From the entries below, write out exactly the lines between the line holding "The Hudson Reed" and the line holding "Платье из меланжевого", inclusive, excluding any pictures.

** Opening RECORDS FOR THIS TASK block **

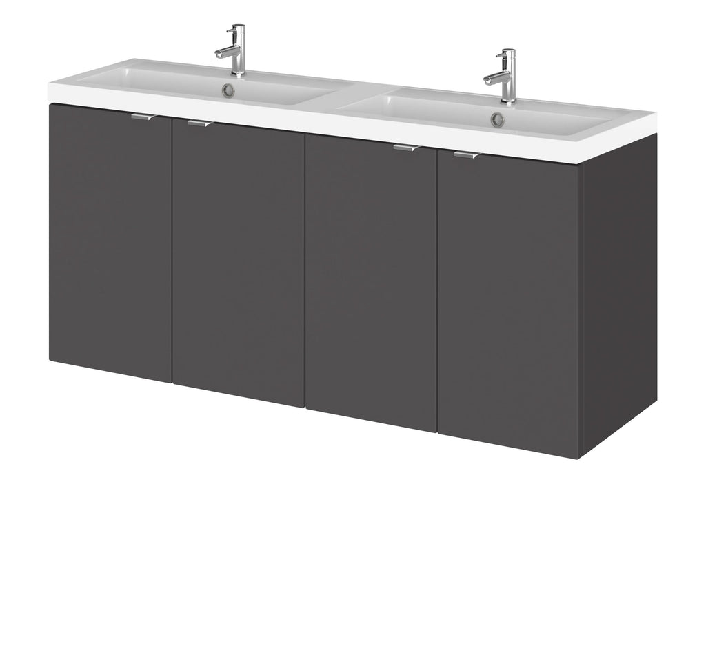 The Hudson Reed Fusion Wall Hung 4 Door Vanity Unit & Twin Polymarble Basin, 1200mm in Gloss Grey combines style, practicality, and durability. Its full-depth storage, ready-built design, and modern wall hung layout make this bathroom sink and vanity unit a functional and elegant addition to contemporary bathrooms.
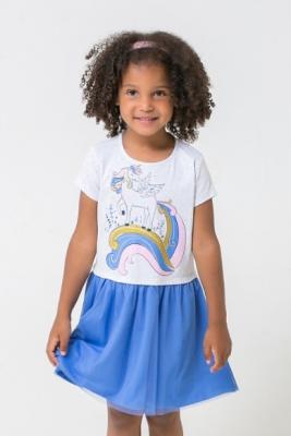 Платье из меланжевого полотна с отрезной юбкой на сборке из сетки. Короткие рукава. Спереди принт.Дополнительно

** Closing RECORDS FOR THIS TASK block **
** Opening RECORDS FOR THIS TASK block **

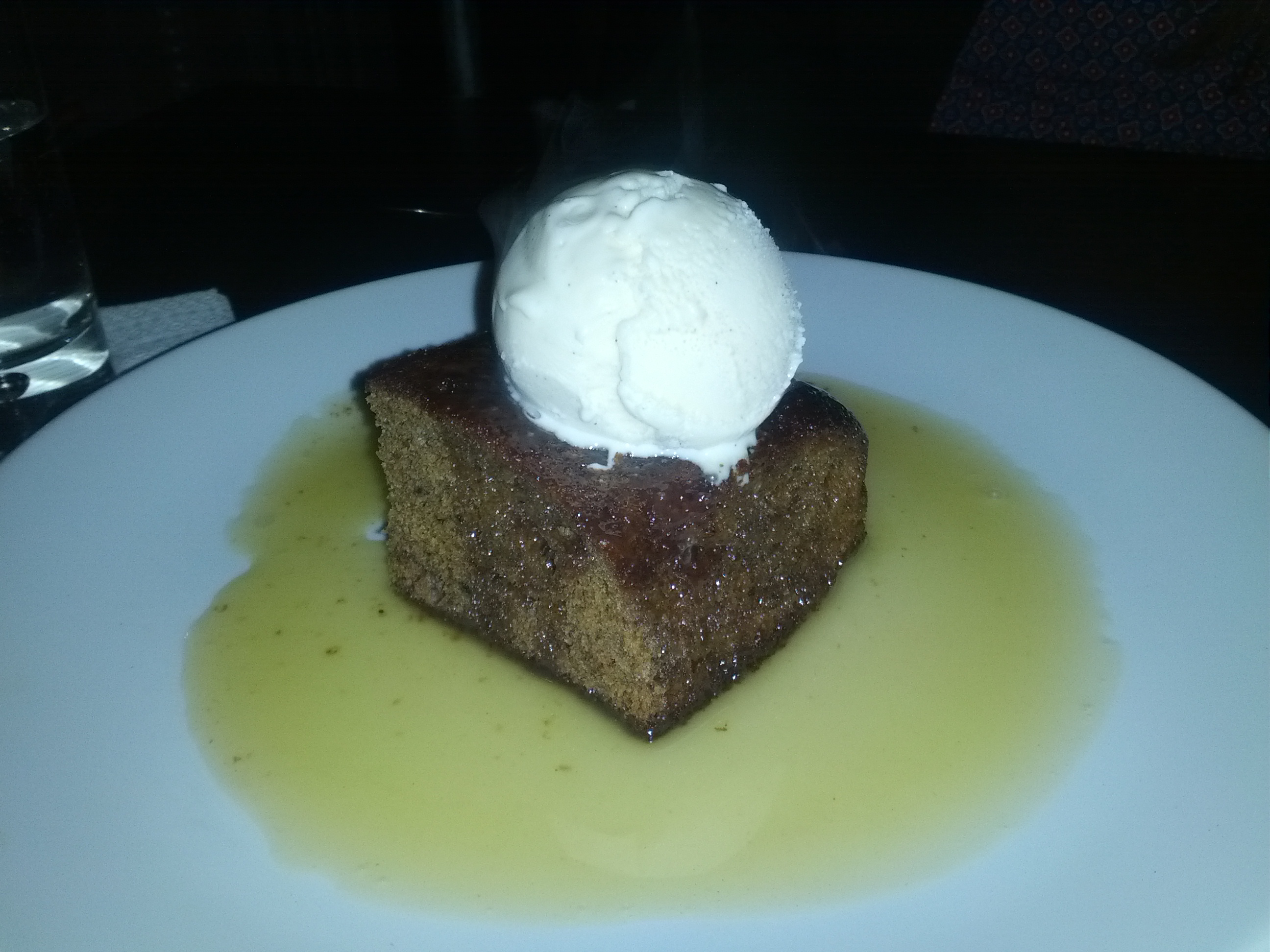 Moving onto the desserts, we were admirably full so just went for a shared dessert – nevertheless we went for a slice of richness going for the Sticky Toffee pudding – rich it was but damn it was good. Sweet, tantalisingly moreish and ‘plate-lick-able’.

** Closing RECORDS FOR THIS TASK block **

__OUTPUT FOR THIS EXERCISE__
 The Hudson Reed Fusion Wall Hung 4 Door Vanity Unit & Twin Polymarble Basin, 1200mm in Gloss Grey combines style, practicality, and durability. Its full-depth storage, ready-built design, and modern wall hung layout make this bathroom sink and vanity unit a functional and elegant addition to contemporary bathrooms.
 Платье из меланжевого полотна с отрезной юбкой на сборке из сетки. Короткие рукава. Спереди принт.Дополнительно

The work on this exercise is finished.